Юра сказал, что я обязательно должен выступить. Во-первых, как известно, сын за отца не отвечает. А во-вторых, ответ из Сталинграда ни о чем еще не говорит: может, отец мой послан на какую-нибудь очень секретную работу, о которой нельзя никому рассказывать. Бывает же такое? И я охотно согласился: да, конечно, бывает.

Но осенью, почти перед самыми праздниками, мы получили от отца телеграмму из Чкалова, куда, оказывается, эвакуировали завод: «Выздоровел, письмом подробно».

Лишь много позже мы с мамой узнали, как все было.

Арестовали его по доносу одного из сослуживцев, отец неосторожно сказал ему, что у трофейных немецких машин, которые он видел во время командировки в Москву, замечательная резина, гораздо лучше нашей. Особое Совещание сочло это пораженческой пропагандой в военное время, отца уже посадили в камеру смертников. Но тут на его счастье по каким-то своим делам в Сталинград приехал один из членов Государственного Комитета Обороны, хорошо знавший по работе моего отца. Выяснив ситуацию, он немедленно отправился к секретарю обкома (хотя отец был беспартийным). Какой уж у них в обкоме произошел разговор, не известно. Но отца срочно вызвали к следователю, напоили крепким чаем, побрили, повязали чей-то галстук и отвезли в обком.

Но тогда в телеграмме было только одно великолепное, спасительное, прекрасное слово: «выздоровел».

Я тут же побежал к Юре Бразильскому.

На всю жизнь запомнил я его сияющие глаза и победный крик: «А что я тебе говорил!»

И вот через шесть лет мы снова, совершенно неожиданно, встретились с ним в стенах Московского юридического института.

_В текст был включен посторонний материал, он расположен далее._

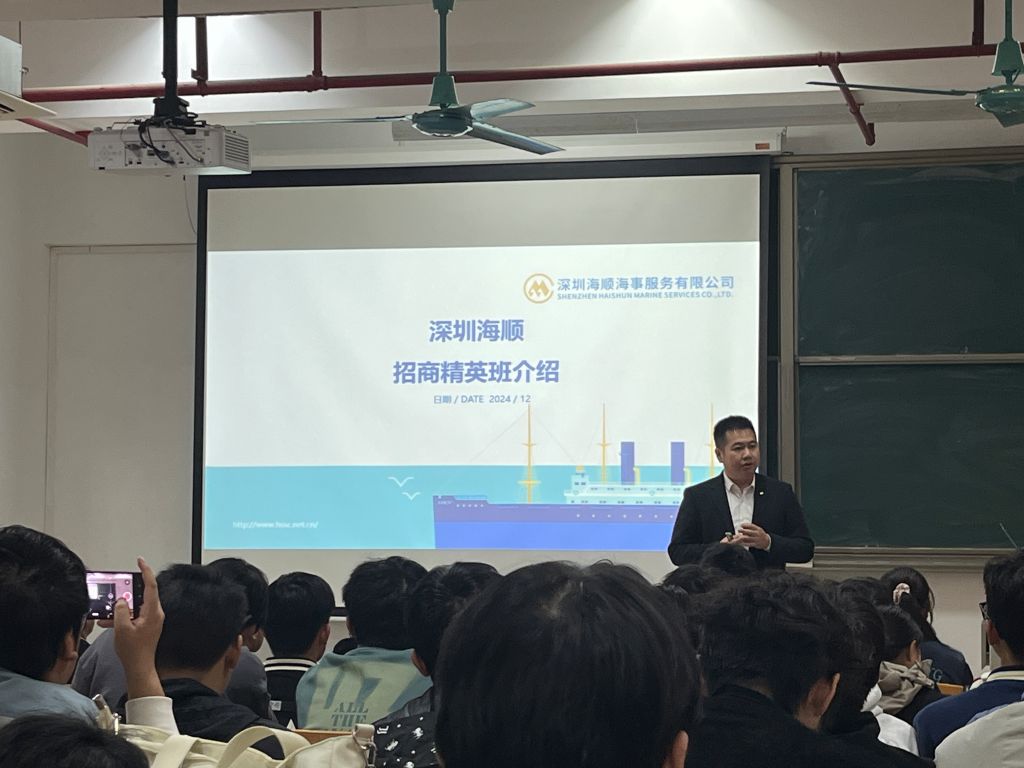 (伟德国际1946bv官网 供稿)根据校企合作订单班协议的安排,2024年12月26日,招商局能源运输股份有限公司受邀到bevictor1946韦德官网健兵北301进行了招商精英班宣讲会。深圳海顺海事培训中心经理杨荣辉、广州海顺船务有限公司总经理助理谢元辉、深圳海顺海事服务有限公司船员招聘部副主管孙浩峻,公司党委书记周楠、辅导员何淋、钟聪仕以及160多位2024级有意向的员工参加此次宣讲会并进行了校企合作交流。

Когда разразилось мое персональное дело, Юру вызвали в партком и растолковали: как комсомолец и мой друг, он обязан на собрании выступить и потребовать моего исключения из комсомола. Этим он докажет свою высокую политическую зрелость. А иначе, если увильнет и не придет на собрание, при будущем распределении его гнилая примиренческая позиция несомненно сослужит ему дурную службу.

От этого распределения завесила судьба всей его семьи: отец был тяжело болен раком, мать выбивалась из сил, чтобы хоть что-то заработать. Уезжать из Москвы Юре нельзя было никак.

«Ты не можешь рисковать, — сказал я. — Все равно твое выступление на собрании ничего уже не изменит. Скажи все, что они от тебя требуют, и пускай подавятся». — «А как после этого я буду жить?» — спросил он.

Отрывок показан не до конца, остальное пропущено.